Расспрашивала меня в основном мать, так как отец был в курсе моих приключений и только время от времени задавал невинные на вид вопросы, призванные в основном отвлечь внимание от тягот воинской жизни.
Под конец батюшка огорошил меня новостью - за беспримерную стойкость в обороне при Розенберге и недопущение прорыва фронта, офицеры 8-го Московского гренадерского полка представлены Кавалерской Думой при штабе фронта к награждению Георгиевскими крестами!
Ух, ты! Не было ни гроша, и вдруг алтын!
Месяц провоевал - и уже второй орден падает…
Хотя и ранения тоже - два, если контузию считать… так что, получается, что из статистики я не выбился: во время Первой Мировой войны, прапорщик проводил на фронте до смерти или ранения - четырнадцать дней.
- Александр Михайлович сообщил? - поинтересовался я у отца.
- Именно так.
Мама осторожно меня обняла:
- Поздравляю, мой мальчик!
Федя благовоспитанно молчавший, все это время, убедившись, что разговор взрослых окончен, радостно возвестил:
- Сашка, да ты настоящий герой! Да я… Да мне теперь все в гимназии завидовать будут!!!
А твою аннинскую шашку можно посмотреть? А револьвер? А когда тебе Георгия дадут?
Это сразу же разрядило обстановку - мама перестала всхлипывать и строго посмотрела на своего младшего, а отец с облегчением рассмеялся…
4
Побочным результатом от посещения моей скромной особы стала целая корзина всяческой снеди.

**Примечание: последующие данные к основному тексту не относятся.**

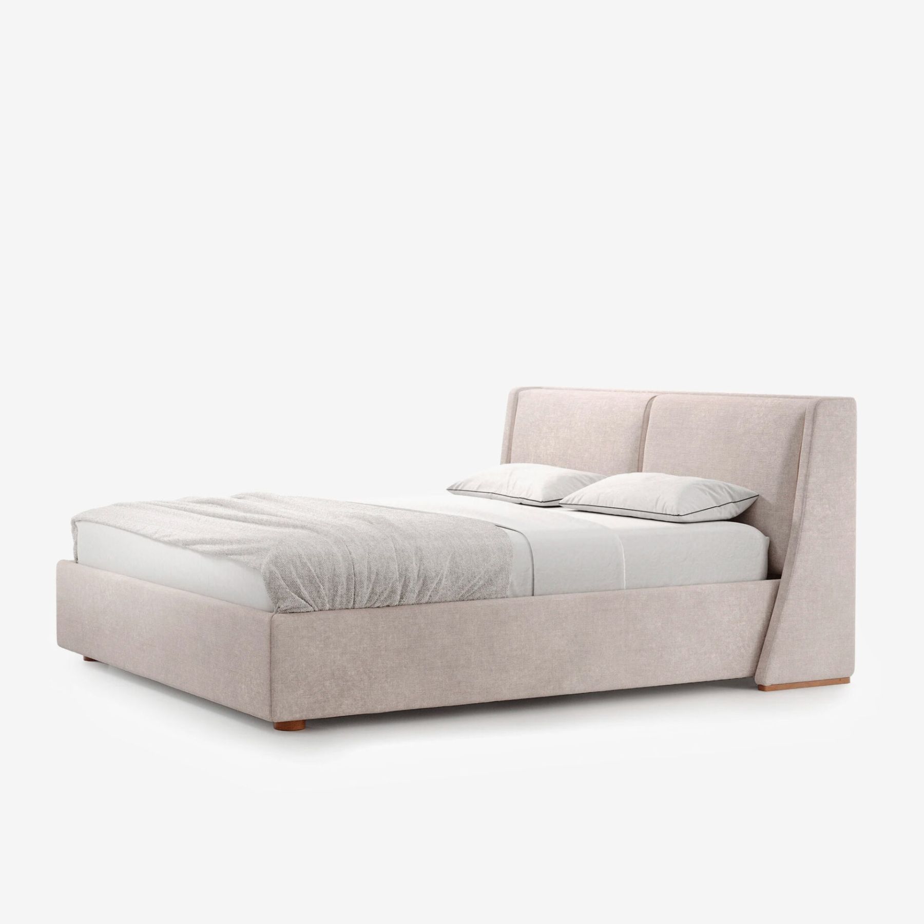 Плавные линии каркаса изголовья, изящные переходы между деталями и отсутствие острых углов подчеркивают легкость и утонченность этой кровати. На царге отсутствуют видимые швы и стыки.
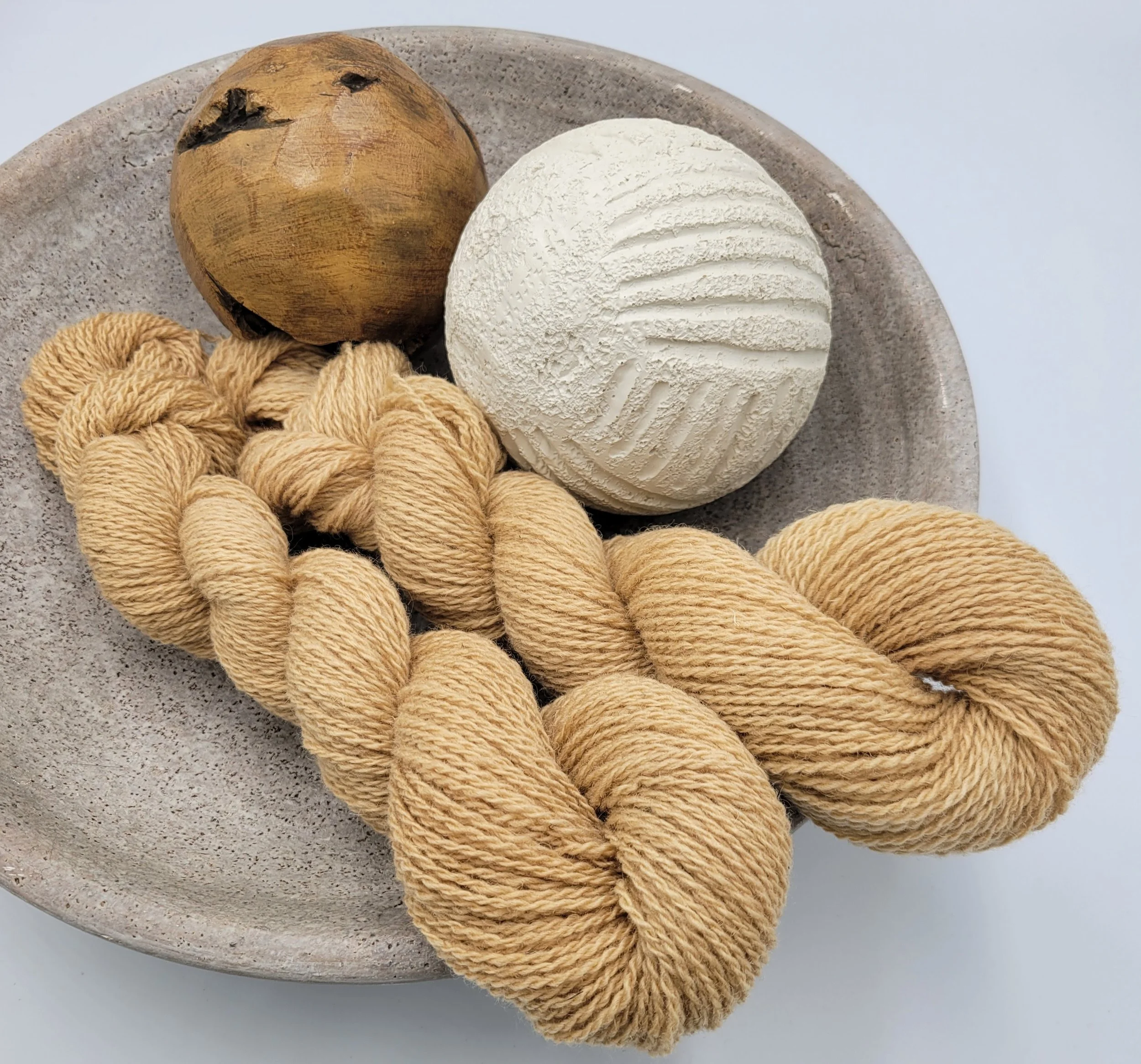 Once steeped, I filtered the dye into a dye pot, added two skeins of natural Eriu BFL/Romney, and gently heated the bath for about half an hour. I let it cool completely before removing the yarn and rinsing the excess dye. The resulting caramel colour is lighter than the solution but still very pretty. Knowing the base colour these lichens produce, it will be fun to mix them with other natural dyes and modifiers in the future to explore more potential colours.
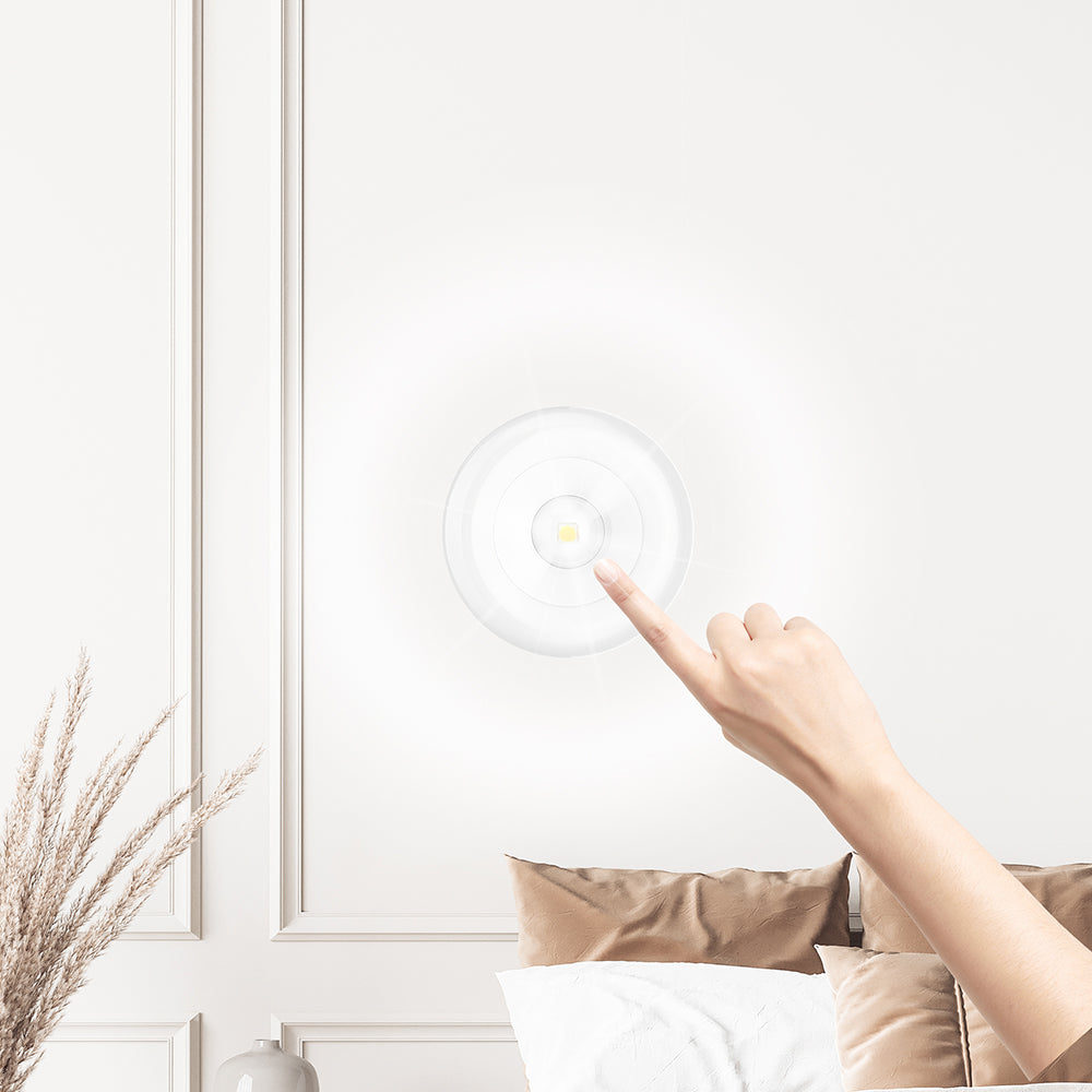 Una luce notturna semplice, pratica e subito pronta all’uso. Perfetta per ogni angolo della casa, questa lampada LED funziona con 3 batterie AAA+ (non incluse) e si accende o spegne premendo il centro. Sul retro è presente un adesivo resistente che permette di fissarla facilmente a pareti, armadi o superfici lisce – senza bisogno di attrezzi. Il coperchio posteriore si apre facilmente ruotando a sinistra o a destra, per sostituire le batterie in pochi secondi.

Мы с Генрихом не замедлили воспользоваться свалившимся на нас изобилием. Нет, вы не подумайте - госпитальный рацион отнюдь не был скуден по военному времени.
Но вот качество приготовления оставляло желать лучшего.
А тут и фрукты, и пироги, и колбасы, и, вошедшая после нелепой песенки группы 'Белый орел', в интернетовский фольклор начала ХХI века, хрустящая французская булка…
Еще одним приятным сюрпризом была бутылка красного французского вина.
Медсестру Мэри, обнаружившую 'нарушение режима', мягко отшили, сказав, что мы мол 'выздоравливающие'.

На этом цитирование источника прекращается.